As Barbara said the other day, they’re computational recreations for computers to do. Use them as challenges you can pose to a system you’re building, by which you can understand what’s happening inside that system. They’re psychological probes: Does your system “realize” that the left-hand values of a vector have more influence than the right-hand values? Does it “notice” that pairs of constants \((a_i,b_i)\) form a recurring relationship with one another?

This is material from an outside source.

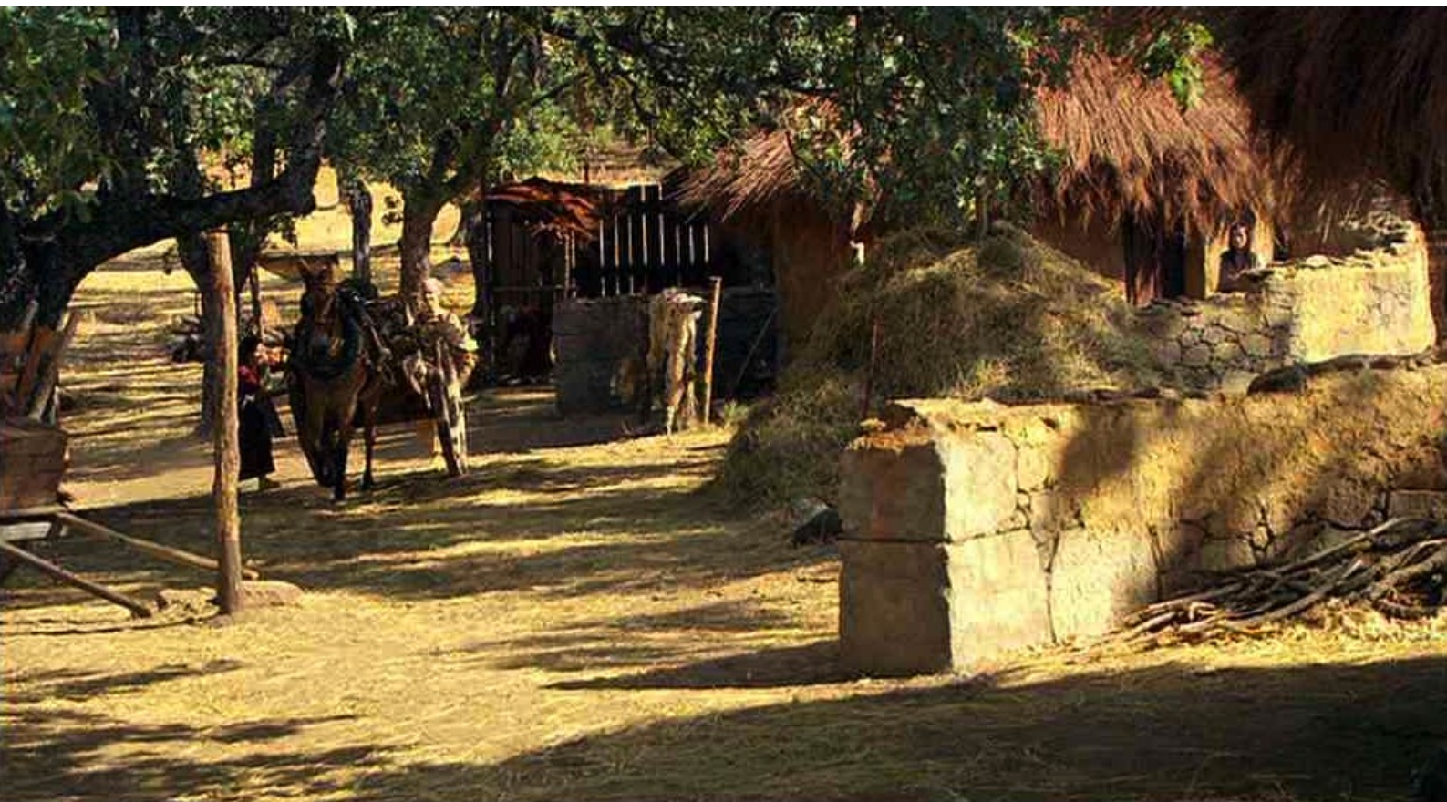
Hispania, la Leyenda : Ainsi les rebelles peuvent renvoyer de la nourriture à Caura.

Does it find convenient heuristics or intermediate representations that simplify these increasingly modular tasks?

Watch to see what happens. The artificial systems we build either will or won’t “solve” any given problem, but the point is not to attempt to get them to “win” every game. Rather, the point of these benchmarks is to surface places in which they should be asking for help, where they stumble, where we can—if we’re thoughtful enough about it—give them a voice.

Think about partial credit. Think about what you, a human teacher, should do to help a struggling student-system learn a difficult concept.

So yes, these are computational recreations for computers to do, but only under the watchful eye of a human teacher-builder. The most suitable outcome of any given test should be a novel realization in the builder, not in the system they are building.

If you miss that crucial point, then you probably shouldn’t be working in AI at all.